Menulis sebagai Terapi Jiwa
KETIKA kita punya cerita berupa kisah yang menguras energi, air mata, bahkan berdarah-darah dan kita sanggup melewati liku-liku luka itu dengan baik, sanggup melampauinya satu per satu hingga kau berada di titik saat ini, maka itu artinya kita memiliki kepribadian yang tangguh dan pantang menyerah. Ada kalanya kita merasa lelah butuh berhenti sesaat untuk istirahat. Namun dengan kesadaran penuh harus melanjutkan perjalanan. Boleh menangis, lelah dan istirahat, tapi jangan lupa lanjutkan langkah. Semua hal yang kita lewati itu memang tak harus dikabarkan, namun tak juga harus dilupakan begitu saja.
Semua itu proses jatuh bangun jatuh bangun menaiki anak tangga fase-fase kehidupan. Kita boleh mengabadikan momennya, boleh mencatatnya, mana tahu kelak kita membutihkan semacam “alarm” untuk menolak lupa dan kembali bernostalgia dengan kenangan-kenangan pahit yang kerap membentur-benturkan diri kita dalam kenyataan-kenyataan yang di luar ekspektasi kita, sehingga membentuk pribadi kita saat ini. Meminjam istilah Tan Malaka; “hidup itu terbentur, terbentur, terbentur, lalu terbentuk.” Mereka dalam menempuh jalan itu akan mengalami ujian, ujian, ujian, baru kemudian bisa menjadi manusia berkarakter.

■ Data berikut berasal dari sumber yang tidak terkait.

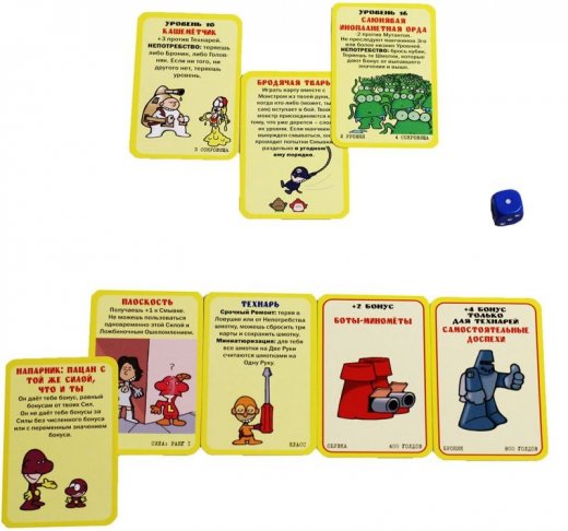 Состав: 168 карт, кубик, правила игры.
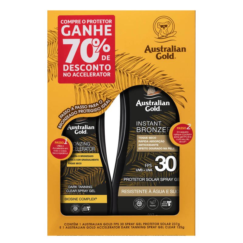 Kit com protetor solar spray e bronzeador para todos os tipos de pele. Australian Gold Instant Bronzer protege do sol com brilho dourado.
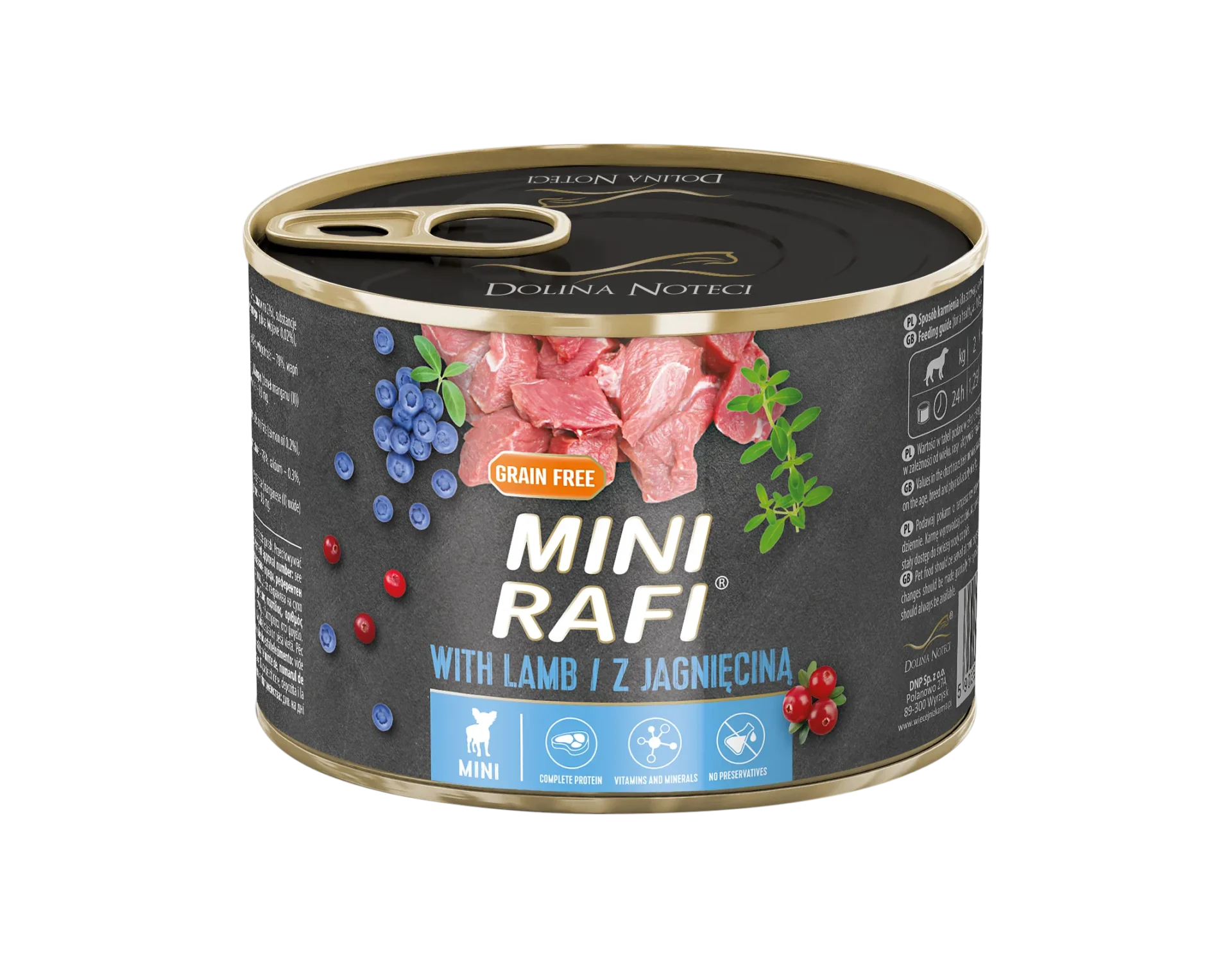 Hrană umedă completă, sub formă de pate cu miel, pentru câini adulți de de talie micănBeneficii: O porție completă de hrană pentru câinii adulți de talie mică – îndeplinește toate cerințele nutriționale ale câinilor de talie mică și nu necesită un aport de suplimente.nConține nutrienți valoroși din materii prime de origine animală.nCompoziția rețetei a fost adaptată cerințelor nutriționale specifice ale câinilor adulți de talie mică, iar digestibilitatea ridicată a acesteia asigură absorbția unui aport adecvat de proteine, energie și acizi grași.nConținutul de ulei de somon, care este o sursă naturală de acizi din familia n-3, precum și afinele și merișoarele, asigură, în plus față de furnizarea de nutrienți, faptul că ingredientele sunt bine adaptate la metabolismul rapid al câinilor adulți.nAportul de plante medicinale, cum ar fi cimbrul, îmbunătățește funcția sistemului digestiv delicat al câinilor adulți de talie mică.nConținutul de carne al acestei rețete – 65% – inclusiv miel, oferă cantitatea potrivită de proteine și acizi grași pentru sistemul digestiv al câinelui tău.nConsumul de carne de miel previne bolile cardiovasculare și, de asemenea, susține sistemul nervos prin îmbunătățirea reflexelor și a activității acestuia.nMini Rafi este alegerea ideală pentru o dietă echilibrată și variată, pentru sănătatea și nutriția adecvată a câinelui tău.
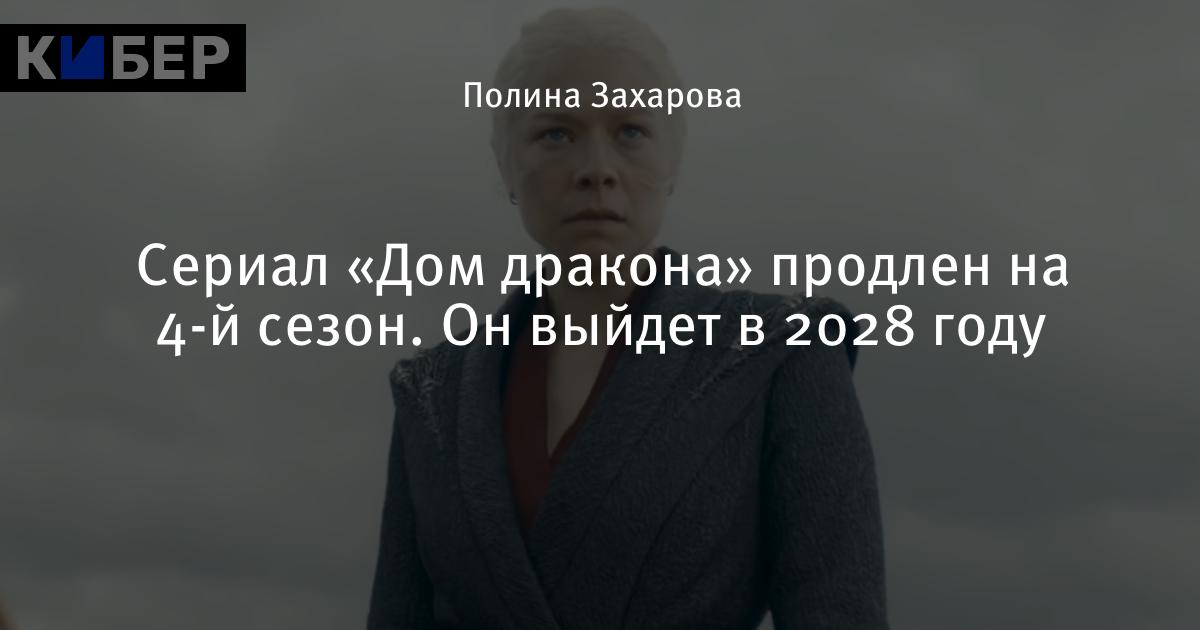 HBO объявила во время презентации в Нью-Йорке, что шоу «Дом дракона» продлено на 4-й сезон, премьера которого ожидается в 2028 году. Примечательно, что третий сезон выйдет только в 2026 году.
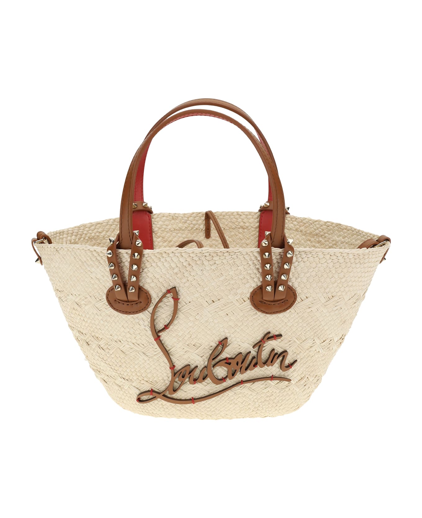 Christian louboutin's raffia small tote bag is a stylish and versatile summer accessory. made of raffia, it features two leather handles that add a refined contrast to the natural design. the brand's iconic signature stitched on the leather front is a distinctive detail that expresses christian louboutin's luxurious and unmistakable character. an ideal model for those seeking a touch of class and practicality for the warm season.
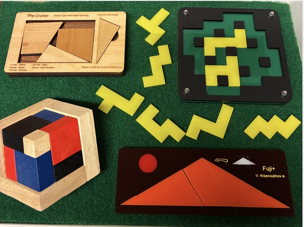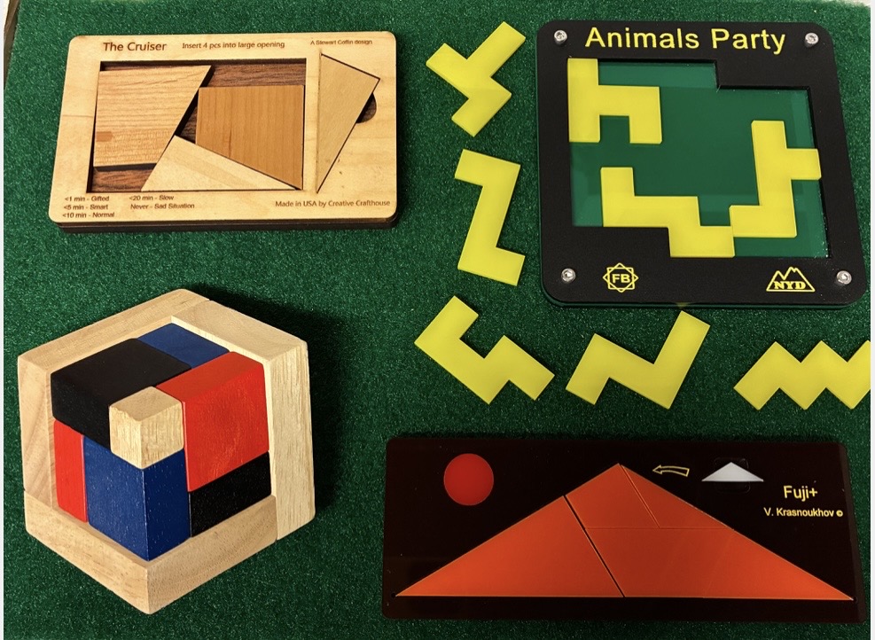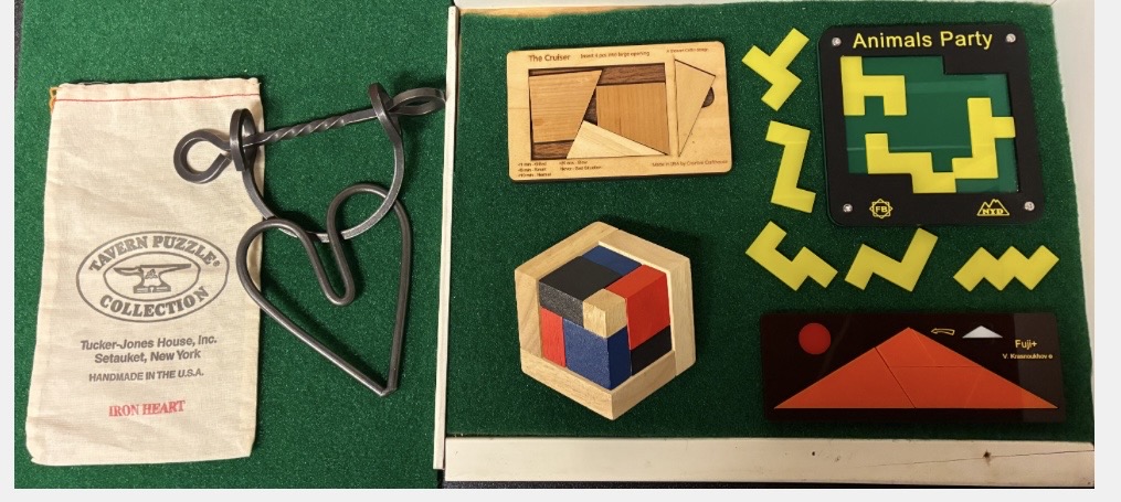 Selling this 1 Lot of 5 puzzles. ~~Fuji. Acrylic packing puzzle by Vladimir Krasnoukhove . Objective, Place the snow cap on top of the mountain with all pieces. This puzzle was designed for IPP39 in Japan. It is sold out and no longer available. ~~Animals Party by Frederic Boucher. Created by Nothing Yet Designs. Acrylic puzzle. 2 challenges. Pack all 8 pieces in tray. Also  on other side pack all 8 pieces in tray. ~~The Cruiser by Stewart Coffin. Wooden packing puzzle made by Creative Crafthouse. Fit all 4 pieces in tray. ~~4D Puzzle. By Windshare Puzzles & Games. Fit the 9 pieces in the base. This puzzle is a geometrical challenge. ~~Iron Heart. Tucker Jones Tavern Puzzle. Steel Puzzle forged by blacksmith. Object, remove the heart and put back on. Comes with original storage bag. All puzzles in excellent condition. Selling the whole Lot only. Shipping in U.S.A. Only. Buyer pays for shipping.  Please wait to send payment until shipping cost is determined.
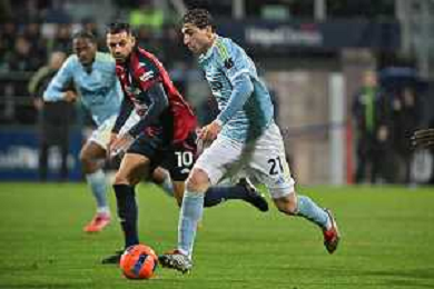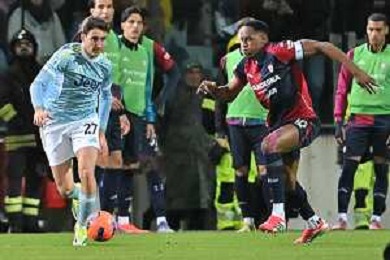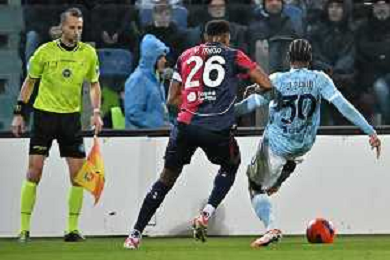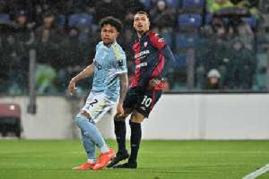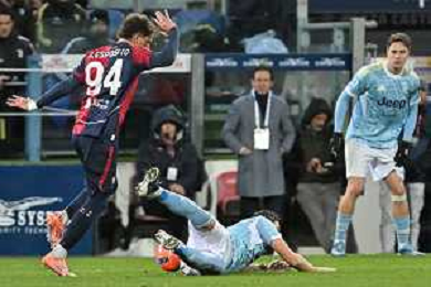 17-1-2026. Cagliari calcio-Juventus F.C., 21° giornata serie A 2025/2026, campionato calcio Italia, stadio Unipol Domus Cagliari. Foto Salvatore Moi/Agenzia Aldo Liverani s.as. Nella foto: Sebastiano Esposito Cagliari, Lloyd Kelly Juventus ©MOI SALVATORE - AGENZIA ALDO LIVERANI SAS
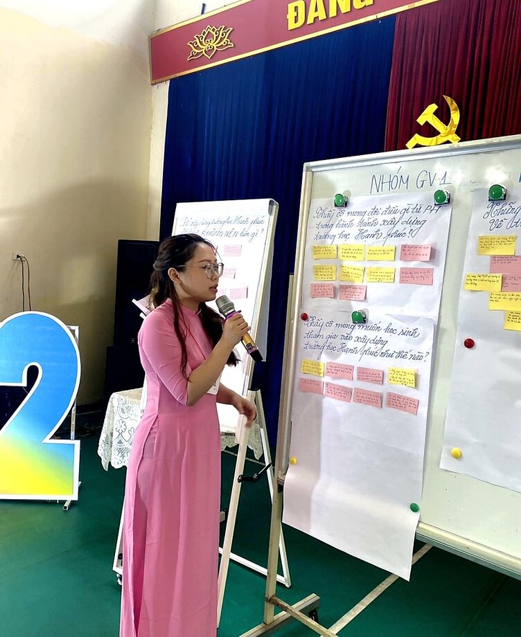 Nhiều câu hỏi, băn khoăn, vướng mắc của giáo viên, nhân viên, CMHS và các con học sinh đã được cô giáo Lê Hoàn Châu – Bí thư chi bộ, hiệu trưởng giải đáp cặn kẽ, từ đó thống nhất nhận thức và hành động chung xây dựng Trường học Hạnh phúc năm học 2022-2023.
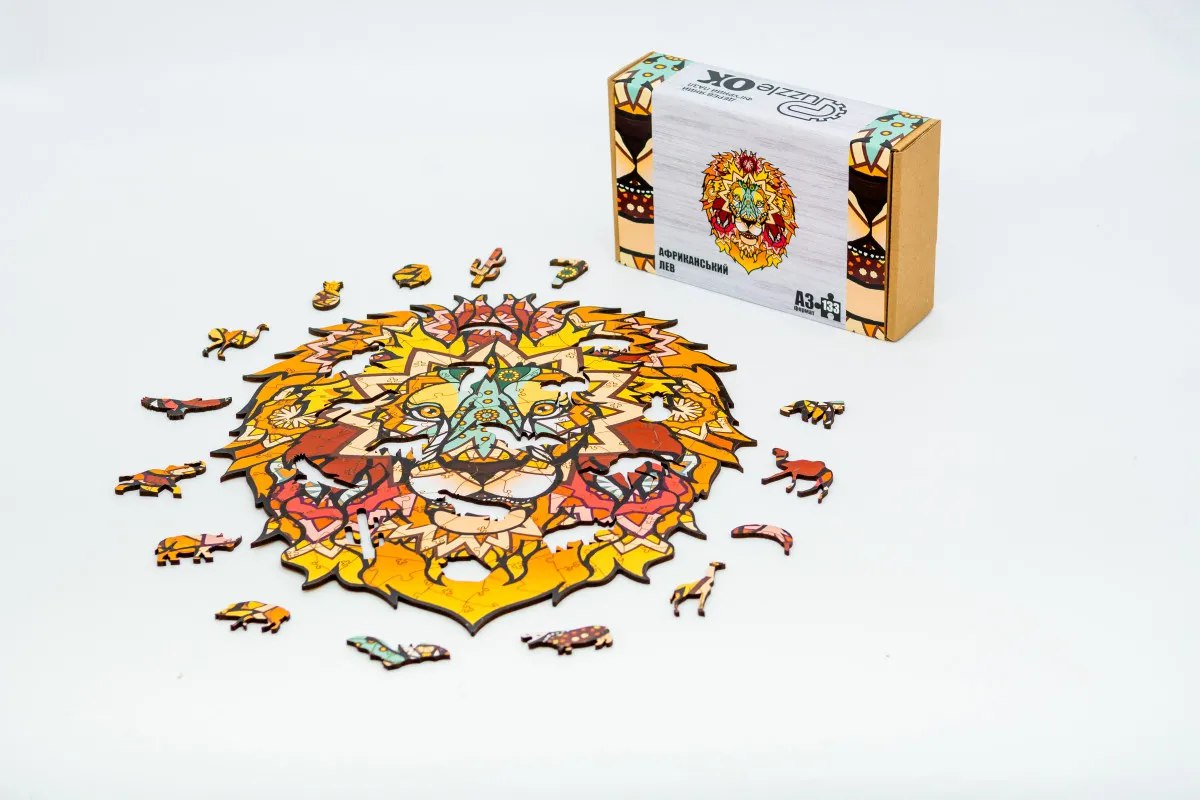 - Фігурний дерев'яний пазл Африканський Лев A3 в картонній упаковці 133 деталі 00720
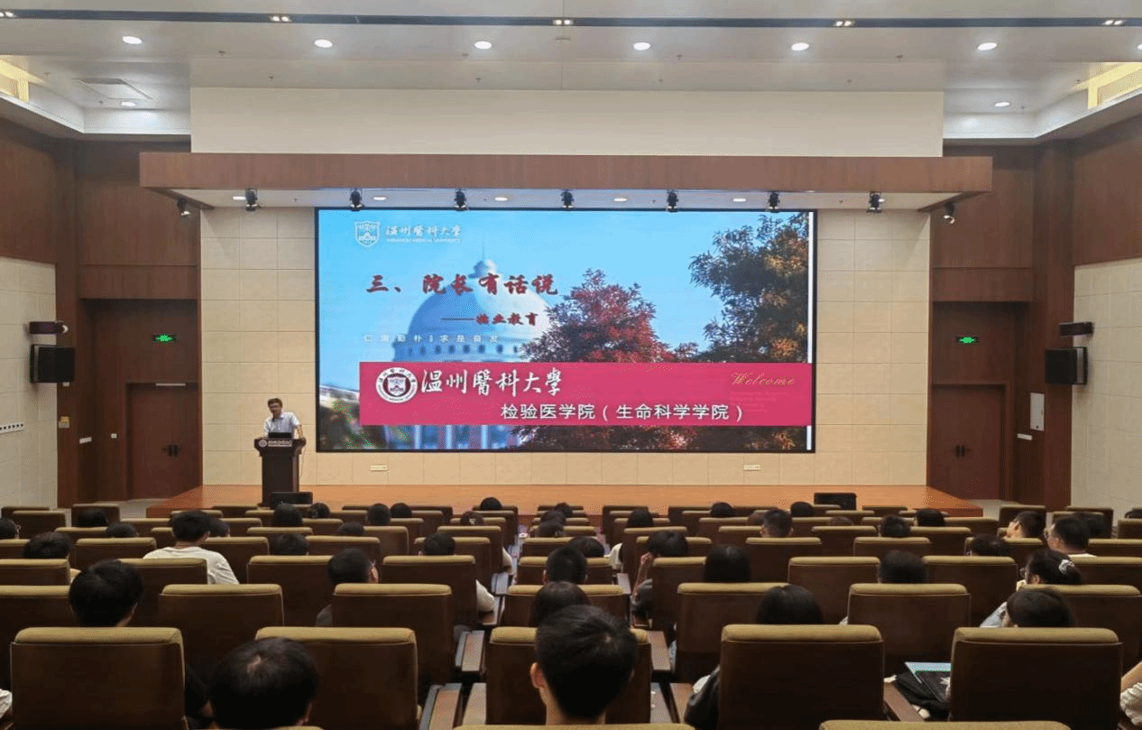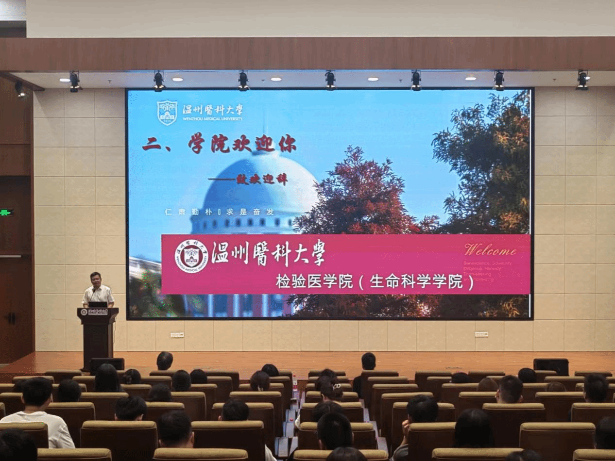 于生物医药科研楼学术报告厅开展研究生始业教育。执行院长郑晓群、党委副书记陈贤新、副院长黄海山、学研办主任林虹、新生辅导员黄小彪以及2023级133位新生共同参与了此次活动。
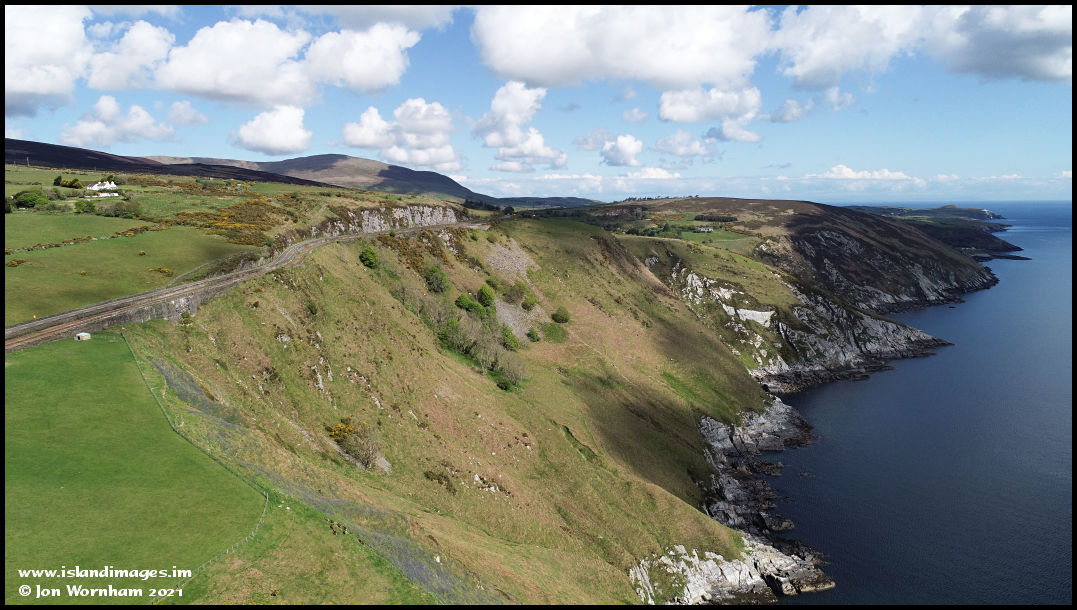 Looking north along the cliffs at Bulgham with the narrow ledge that carries road and railway clearly visible. Maughold Head and North Barrule can be seen in the distance.

Tentu saja kita boleh menyimpannya dalam laci ingatan jadi milik sendiri. Tetapi tidak ada juga yang melarang untuk dibagikan kepada teman-teman, siapa tahu ada yang senasib, dan mana tahu ada bonus-bonus lain, misalnya kisah tersebut mampu memberi inspirasi bagi pembaca. Semua punya pilihan masing-masing. Kalau toh menjadi sebuah karya, saya percaya karya itu akan menemukan takdirnya. Apalagi karya yang dahsyat, bonus-bonus lainnya pasti mengikuti. Menjadikan pengalaman sebagai bagian dari proses kreatif tentu selain sebagai self-healing, katarsis, sekaligus mampu menghasilkan karya yang tidak datar-datar saja mirip penggaris.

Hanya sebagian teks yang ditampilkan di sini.